-- Work to complete --
Starting at the line that contains "Текстильный комплект- двойка" and stopping at the line that contains "Certificados consistentes y", transcribe every line of the material below exactly; pictures stay out.

-- Provided data --
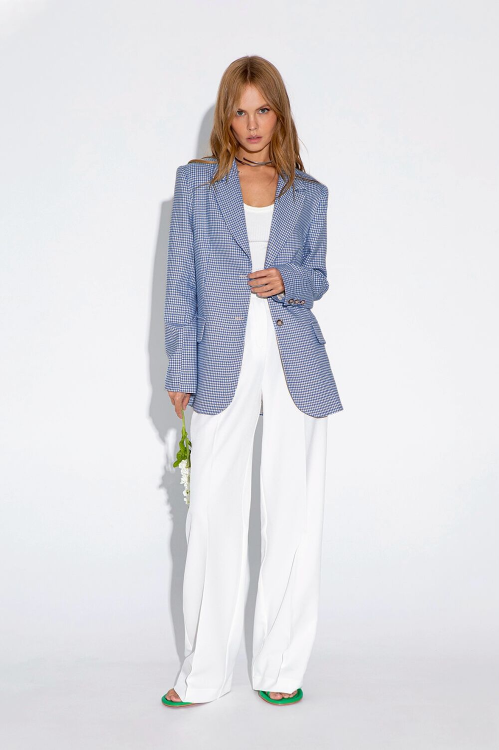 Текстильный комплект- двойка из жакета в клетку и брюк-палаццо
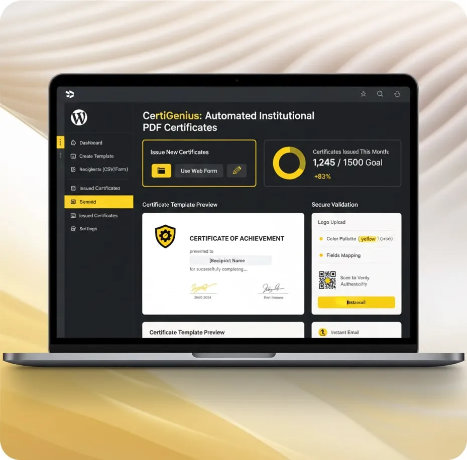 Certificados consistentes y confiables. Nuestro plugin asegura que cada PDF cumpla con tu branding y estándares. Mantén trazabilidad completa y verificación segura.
--
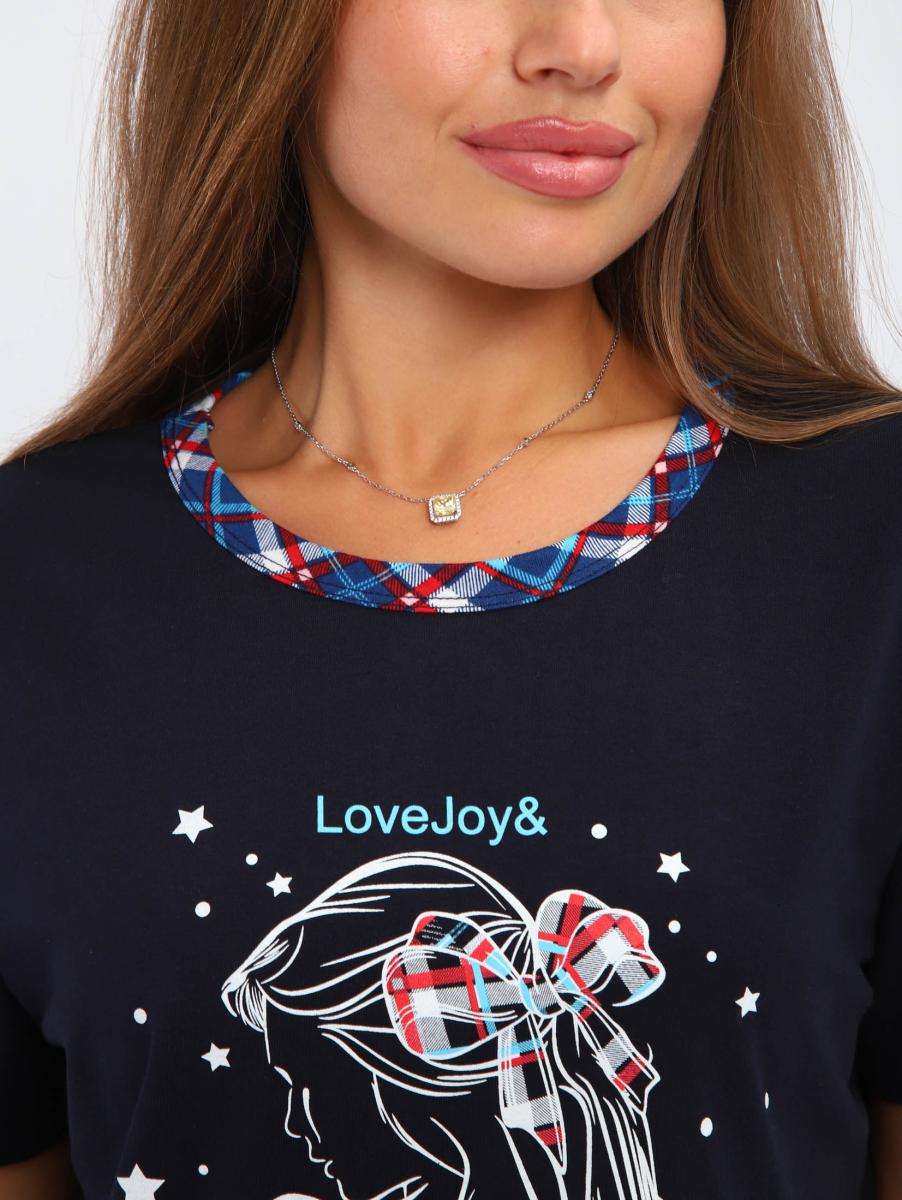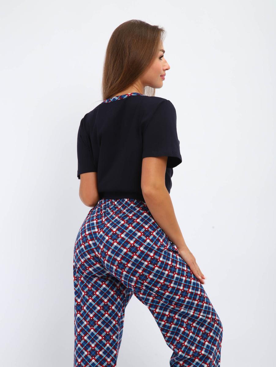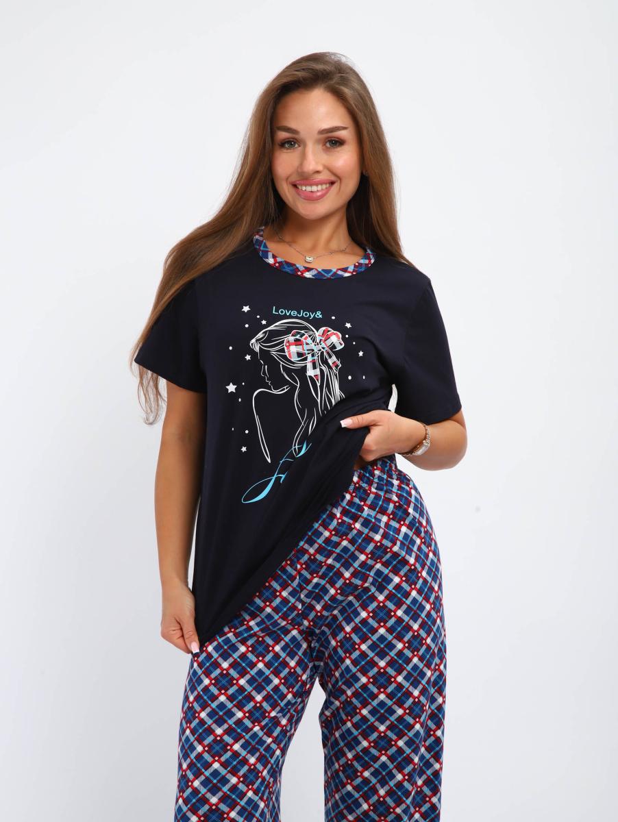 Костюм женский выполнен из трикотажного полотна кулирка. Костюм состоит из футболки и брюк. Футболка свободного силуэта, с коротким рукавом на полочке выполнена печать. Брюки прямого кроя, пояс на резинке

-- Finished task --
 Текстильный комплект- двойка из жакета в клетку и брюк-палаццо
 Certificados consistentes y confiables. Nuestro plugin asegura que cada PDF cumpla con tu branding y estándares. Mantén trazabilidad completa y verificación segura.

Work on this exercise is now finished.